Possibly taking a lead from Telltale, there seems to be a more deliberate attempt to make your choices affect the story. This manifests itself first in that you choose one of three origin stories for your player character. Then, throughout the game, each chapter ends with you deciding the fate of an adversary. The consequences of your decisions don’t really ripple throughout the game. They mostly affect the end-game sequence. Still, it’s a worthy attempt at adding a little variety to the experience.

The farther an adventure game gets from being a pure puzzle-solving endeavor, the more these types of ludic story-telling tropes become important. For the record, the puzzles of Unavowed are not very puzzley at all.

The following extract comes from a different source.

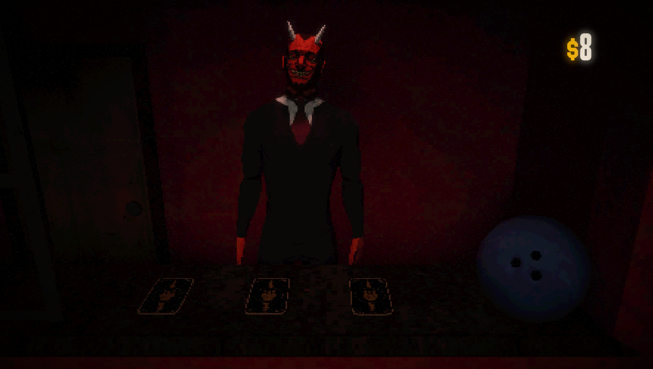 You are playing bowling with the devil over the course of multiple rounds! Every round you get atleast 3 Bowling Balls to knock over as many pins as you can! If you fail to knock over enough pins - your soul might be endangered!

In most cases, the path is pretty clear and, if there is any doubt, just talk to everyone, including your squad-mates. The game is mostly a matter of understanding the abilities of your friends and using them appropriately.

But all this is moot if you are just willing to sit back, click away, and let the story develop. There’s enough good story-telling and pretty visuals there to make it worth your while. However, I don’t think all the effort that went into creating branching narratives will really justify multiple plays. At least not for me. I think I’m fine with just turning on the commentary and racing through a second go-around. You know how much I love hearing about color theory and how voice actors are the salt of the Earth.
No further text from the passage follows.